A Historic Site Transforms Into An Immersive Venue

Jeff Mousseau and Paul Ricciardi are the co-directors of the Ancram Opera House, and they have brought some inventive theatrical performances to the venue’s intimate stage.

But for their next production, they’ve traded that tiny space for a massive landscape: the Olana State Historic Site in Hudson, N.Y. It was the home and studio of Hudson River School painter Frederic Edwin Church, and he is the subject of “Performing Olana,” an original play written by Darrah Cloud and directed by Mousseau and Ricciardi.

Mousseau and Cloud were tight-lipped about the play’s plot during a recent interview, summarizing it simply as following “a day in the life of Frederic Church.” 

The family-friendly piece draws inspiration from Church’s art, letters, family life and the Olana landscape, and it falls somewhere between creative nonfiction and historic fiction.

The audience will follow the actors — Alexandra Angeloch, Eliot Boyd Bailey, James Occhio, Sam Rebelein, Lia Russell-Self and Anne Undeland — around the site as the narrative unfolds. Participants can expect to walk about three quarters of a mile through meadows, barns, an orchard and more.

As for how this project came to fruition, Mousseau said it stemmed from a Halloween event he crafted at Olana a few years ago. 

“It whetted our appetite for a deeper, fuller, more expansive experience,” he said. “Amy Hufnagel, Olana’s director of education, came to us with an open assignment to make a performance that allows visitors to experience the site in innovative, different ways.”

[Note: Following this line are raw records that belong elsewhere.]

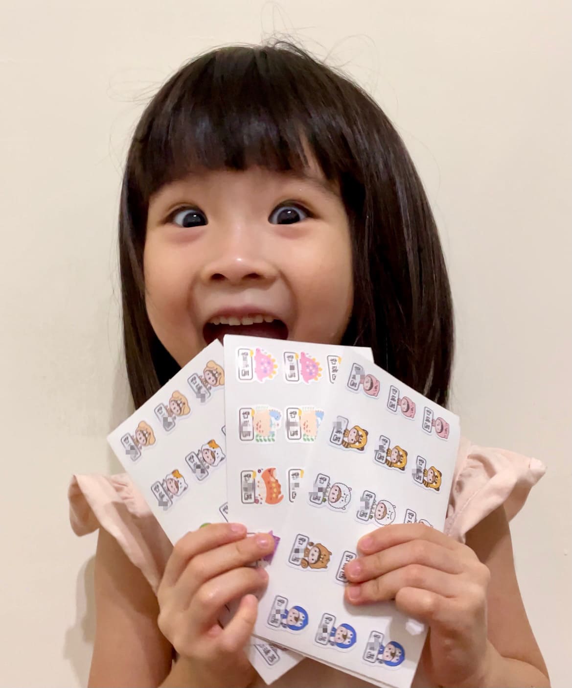 她每次都會指著貼紙說: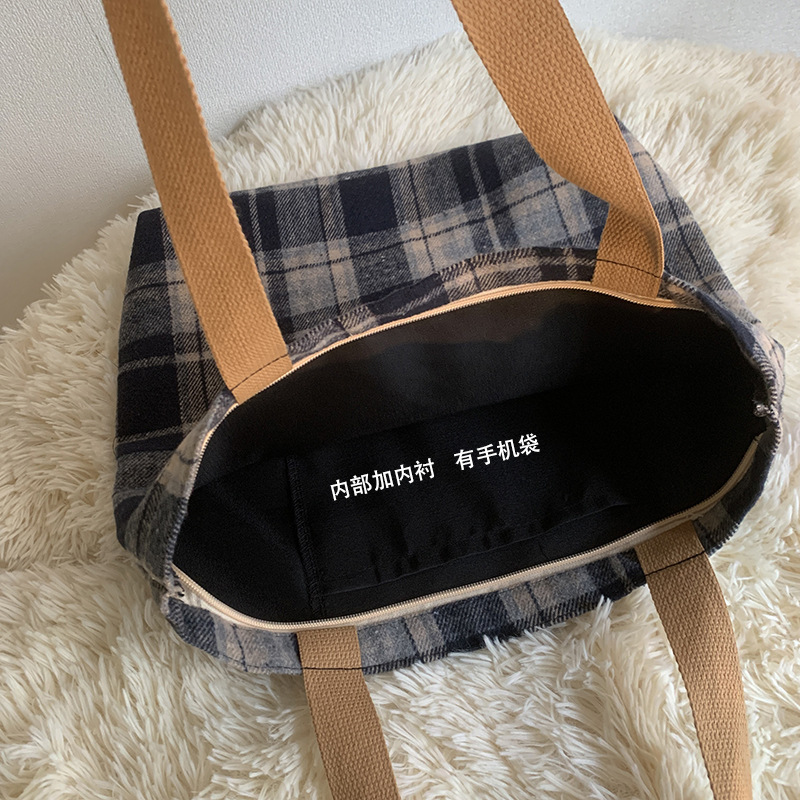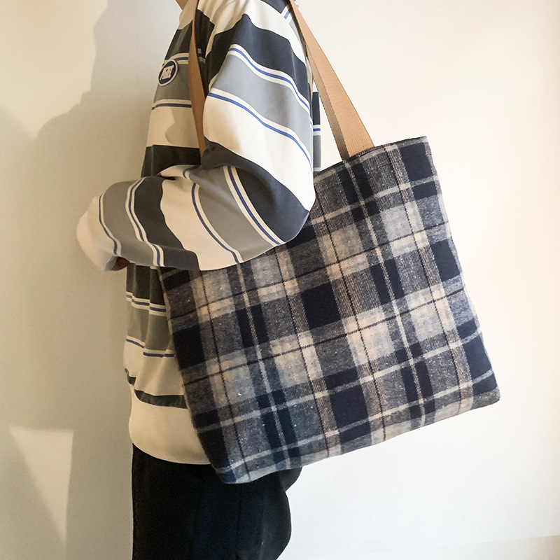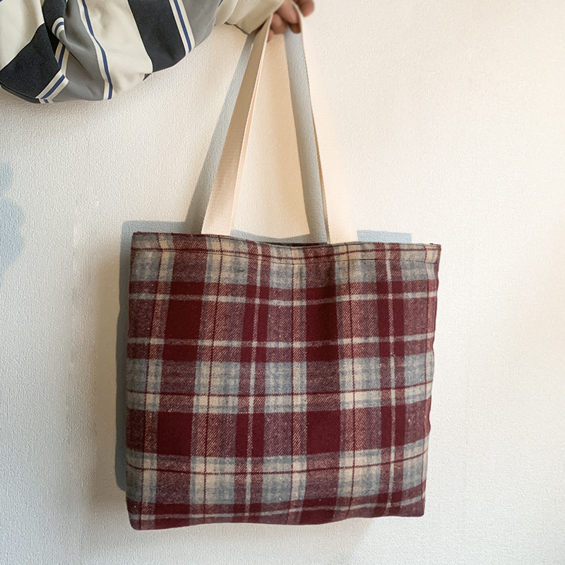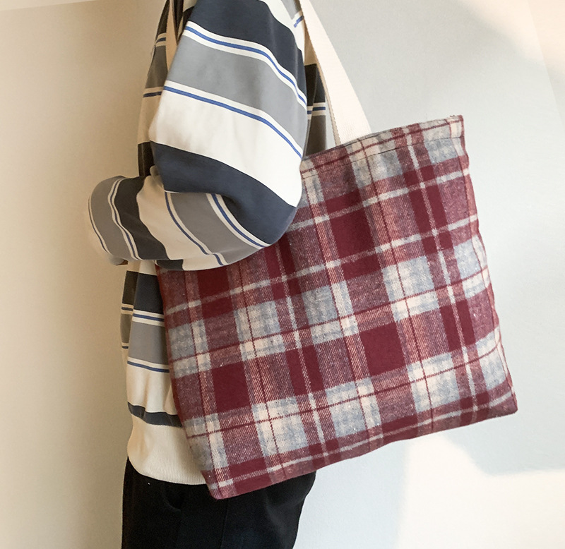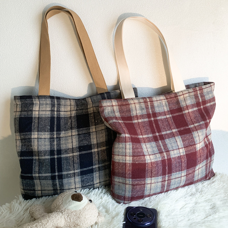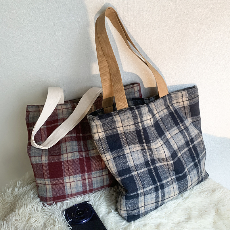 Retro color mezclado tejido lana Plaid hombro bolsa diaria versátil gran capacidad Plaid bolsa bolso de mano de las mujeres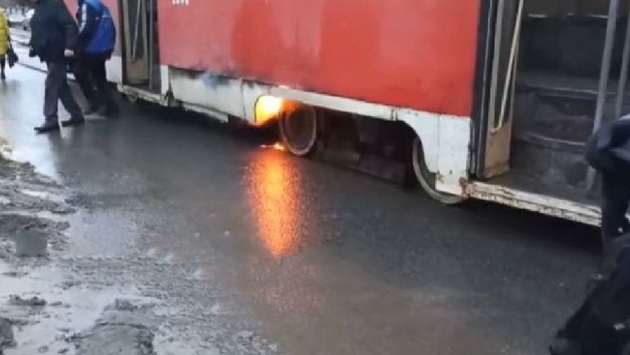 Трамвай с пассажирами загорелся во время движения в Нижнем Новгороде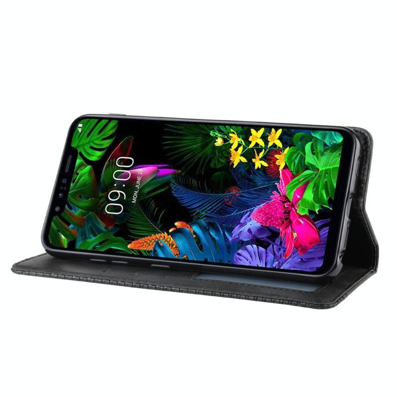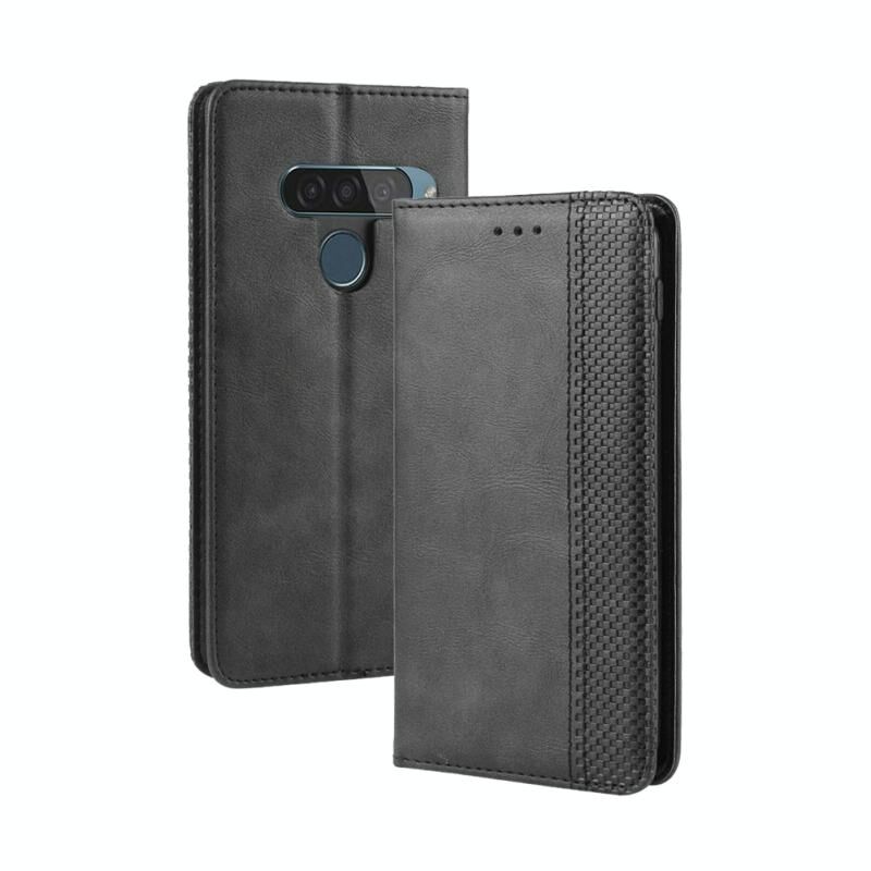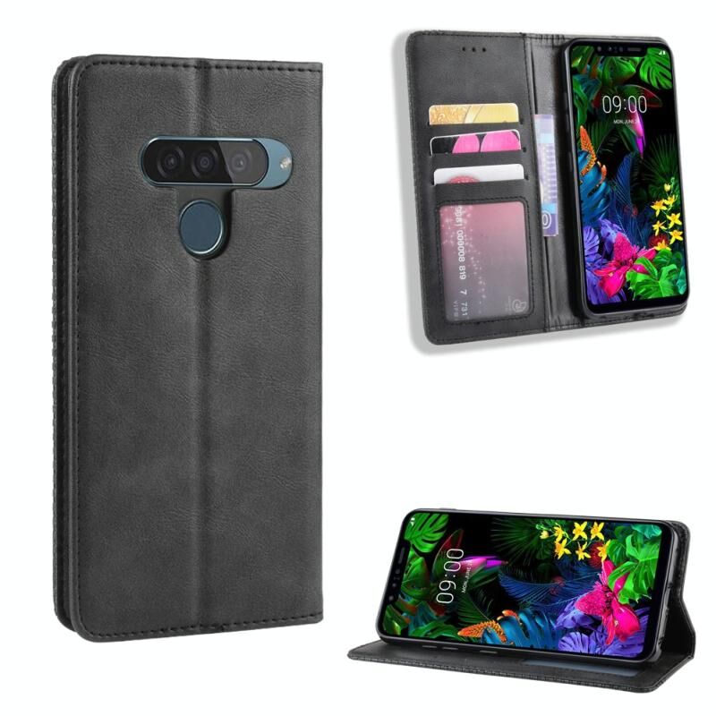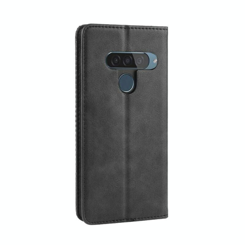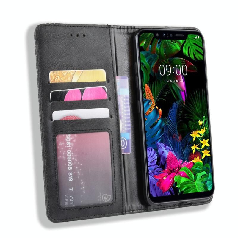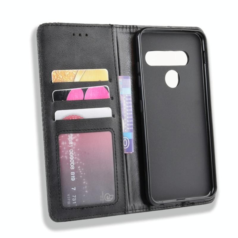 Μαγνητική αγκράφα Retro Crazy Horse Υφή Οριζόντια Flip δερμάτινη θήκη για LG G8S ThinQ, με υποδοχή & υποδοχές για κάρτες & πλαίσιο φωτογραφιών (Μαύρο)

Mousseau and Ricciardi approached Cloud to write the play.

“I love the Ancram Opera House, so I would have said yes to anything,” she said. “When it happened to be about Church and Olana, I jumped in because I was an art major before I was a writing major. I loved Church and Olana already.”

They spent the winter months in Olana’s basement reading Church’s letters. 

“We had a lot of intense conversations without writing a word. Who was this man? Why did he build this house?” Cloud said. “I became obsessed with his family life. Jeff wanted to go out into the land to not be static. It evolved out of our conversations.”

“We are choosing specific locations on the landscape because of what people can experience and see,” Mousseau said. “It’s the most amazing set you can ever have.”

 

“Performing Olana” will be performed at the Olana State Historic Site at 5720 Route 9G in Hudson, N.Y., on Sept. 22 at 6 p.m. and Sept. 23 to 24 at 2,
4 and 6 p.m. For tickets, go to www.olana.org.